Introduction To Programming

Why programs ? Programming is nothing but making the computers think the same way a human thinks. Programs are made for obtaining a specific solution which can even be solved by humans which when solved by us may consume time..

Saturday, February 13, 2010

17

#include< stdio.h >
main()
{
int i=1;
if(++i < 1 && ++i >1)
{
printf("False");
}
printf("%d",i);
}

Output


2


How?


&&   Logical AND operator.
As far as AND operator concerned if both expression true ,it'll return true otherwise false.if first expression is false ,no need of checking the next expression.
In this program ++i < 1 is false (2 < 1, so false). so no need of checking the next expression.++i > 1 will not work. so 'i' will incremented for 1 time.
so i=2.

16

#include< stdio.h >
main()
{
int s=1,r=2;
{
int s;
s=r+4;
}
printf("%d",s);
}


output


1


How?


Though i declare 's' variable for 2 times,there's no error. How?
Block scope( '{ }' ):
if you declare a variable a block ,it's valid for that particular block only.
so
{
int s; //valid for this block
s=r+4;
}
when it come outside of the block, above declared 's' only valid. so s=6 is inside the block and s=1 is outside of the block.

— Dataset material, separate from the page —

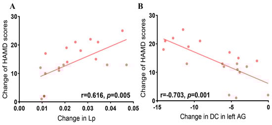 The correlation analysis indicated that the change in Lp was associated with changes in HAMD scores in patients with MDD (r = 0.616, p = 0.005). Furthermore, changes in DC in the left AG were negatively associated with changes in HAMD scores (r = −0.703, p = 0.001) (Figure 6).

To understand clearly consider this program.,
#include < stdio.h >
main()
{
int a=2;
{
int a=3;
printf("%d",a);
}
printf("%d",a);
}

OUTPUT


3   2

15

#include< stdio.h >
#define a 4
main()
{
a++;
printf("%d",a);
}

output


Compilation Error:
Lvalue Required.


How?


#define defines a constant not a variable and also 'a' is replaced with '4' while expanding code.
a++; will be 4++;. we can't increment constant value(4=4+1).
NOTE:constant won't changes its value.
variable can change its value.

14

#include< stdio.h >
#define a (5+2)
main()
{
int c;
c=2*a;
printf("%d",c);
}


Output


14


how?


as said in last post the variable defined using macro is replaced with that constant.
Here c=2*a; will become as c=2*(5+2);
'()' has higher precedence than the '*' so, 5+2 will be added and multiplied to 2.i.e
b=2*7=14;